Да, сюжетная канва фильма, на которую нанизаны различные клиповые эпизоды, не является самой изощрённой; кто-то может даже испытать неудовольствие, если имеет слишком много ожиданий. Частично я её воспринял как линейную прогрессию сознания от дорациональных магических форм к дорациональным же мифическим формам и затем самой рациональности как таковой (которая в своём аполлоническом начале словно бы и оказалась победившим героем). Это словно одновременно и погружение в архаические пласты человеческой психики, и всплытие из них к светочу рационального сознания.

Это не самая интересная сюжетная схема, но она очень точно отражает психологический портрет наших соотечественников: магический слой, мифический слой, ростки рациональности, стремящиеся к своему аполлоническому зениту. Наблюдается постепенная, пусть и колеблющаяся из стороны в сторону, трансмутация образов от пред-рассудка к рассудку.
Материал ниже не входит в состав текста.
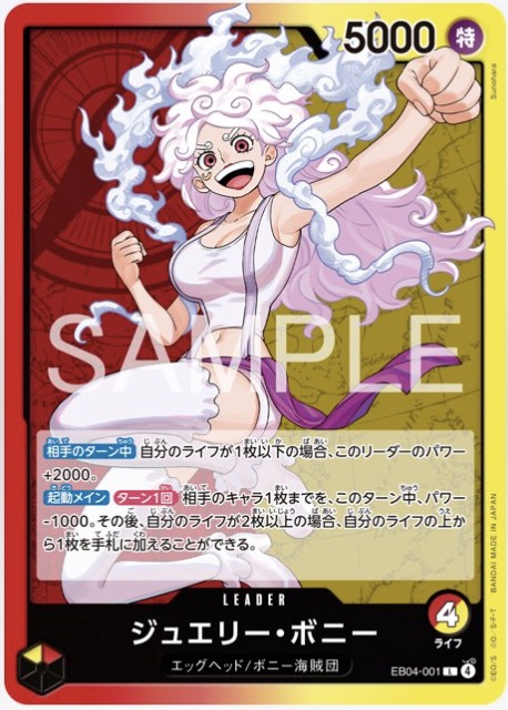 Egghead / Bonney Pirates[Opponent’s Turn] If your Life is 1 or less, this Leader gains +2000 Power.

Благодаря такой простоте каждый отечественный и зарубежный зритель может покинуть сеанс с чувством удовлетворения от понятности сюжета.

Сценаристам «Вия», на мой взгляд, есть в чём совершенствоваться в плане цельности сценария, поскольку для меня фильм распался на ряд несогласованных лоскутков, то очень ярких и захватывающих дух, то необычайно затянутых и утомительных эпизодов (но я учитываю то, что кому-то такие эпизоды могут приходиться по вкусу и приносить успокоение).

Я давно заметил, что отечественные кинематографисты способны делать очень эффектную клиповую нарезку, но почему-то объединить и интегрировать разрозненные клипы в единое целое у них не получается. Однако в случае «Вия» я рассмотрел это скорее как вообще выражение некоей особенности сегодняшнего восточнославянского сознания (безусловно, раздираемого противоречиями и тем, что американский исследователь Чарльз Тарт назвал дискретными состояниями сознания — вереницами состояний интоксикации, озарений и подавленностей, всепоглощающих трусости или героизма и проч.1).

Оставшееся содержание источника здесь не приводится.